The garage is beneath the Una Residences luxury condominium tower in Miami’s Brickell neighborhood. Local developer OKO Group proposes a 47-story residential tower at the site, with units starting at $2 million. It also will include a three-level basement, which the developer touts as “Miami’s deepest, most expensive underground garage.”
However, since October, two breaches of the water table have occurred at the site, located at 175 SE 25th Rd., and residents of neighboring properties have voiced their concerns about the impact the breaches could have on their buildings, especially in the wake of last summer’s deadly Surfside condo collapse.
An aerial view of the evacuation site Nov. 16 showed the pooling of water in a different section of the cavernous pit where water bubbled to the surface on Nov. 12 in a second breach.
A spokesperson of Miami-Dade County’s Department of Regulatory & Economic Resources (DERM) told WPLG-TV Local 10 News in Miami that the water “will keep coming into the site” until engineers fix “what’s known as the tremie seal.” The agency considers the issue to be an operational one rather than an environmental violation.
Those same officials noted that Nov. 12’s breach was capped by engineers Nov. 17 and a stop-work order on this project was issued. Currently, three engineers have been brought in to evaluate what impact, if any, the project is having on surrounding properties.
This will include a geotechnical engineer, a structural engineer and a seismic testing engineer. Miami Commissioner Ken Russell said this was being done as a precautionary measure and that the building department will cover all costs and the trio of engineers will report their findings to the city.
Mandy Karnauskas lives in Brickell Townhouse, next to the Una Residences under construction. In speaking with WPLG-TV, she said the second upwelling of water at Una happened one day after her management company sent residents an email saying that their structural engineer claimed their property is experiencing impacts from the construction site’s first breach in October.

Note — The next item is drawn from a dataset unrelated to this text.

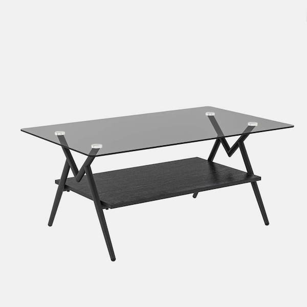 38.6 in. Gray Rectangle Tempered Glass Top Coffee Table

The management company claimed the project is causing soil erosion, which has caused the brick pavers in their tiki hut area to shift.

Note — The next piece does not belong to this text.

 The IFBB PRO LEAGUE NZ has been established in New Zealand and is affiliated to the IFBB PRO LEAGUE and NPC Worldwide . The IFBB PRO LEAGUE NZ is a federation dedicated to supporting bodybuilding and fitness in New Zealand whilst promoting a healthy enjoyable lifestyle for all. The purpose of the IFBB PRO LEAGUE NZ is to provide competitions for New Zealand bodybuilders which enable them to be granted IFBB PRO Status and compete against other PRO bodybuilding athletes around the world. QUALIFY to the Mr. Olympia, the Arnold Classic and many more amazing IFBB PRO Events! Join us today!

“We see the ground actually moving, a piece of our property is sinking, and our little tiki picnic huts are starting to keel over,” Karnauskas said.
Ant Yapi, of Civic Construction in Miami, the general contractor of Una Residences, has stated that “our team is remediating these leaks as they happen, and there is no evidence of impacts on surrounding properties.”
Experts Call for
Thorough Exam of Site
“I think it is a very good idea to pause and check the situation,” said Shimon Wdowinski, of Florida International University’s Institute of Environment. He is an expert in land subsidence, sea-level rise, sinkhole activities, wetland hydrology, earthquakes and other natural hazards.

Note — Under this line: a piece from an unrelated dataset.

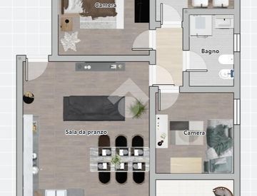 L'ingresso si apre su un luminoso soggiorno con angolo cottura, ideale per chi ama gli spazi aperti e conviviali. La zona notte comprende due camere da letto, una matrimoniale e una singola, perfette per una famiglia o per chi desidera uno spazio aggiuntivo per ospiti o studio.

Wdowinski explained that the geotechnical engineer at Una Residences will “deal with the earth underneath the buildings” to “evaluate the property of the soil at the building site or next to the building site to see if there were any changes to the soil.”
In addition, he said the role of a structural engineer would be to evaluate if there is “any damage to the buildings” with an analysis that would consist of “looking [to see] if the columns or the walls or any new cracks formed in the building, [and] to see if there were any changes to the building itself.”
As for the seismic testing engineer, he told the Miami television station that that person would collect data about “the movement of the ground — the elastic movement of the ground — to see how much movement in the vicinity of the building” may be happening to “evaluate if there is a problem that may cause damage to the buildings.”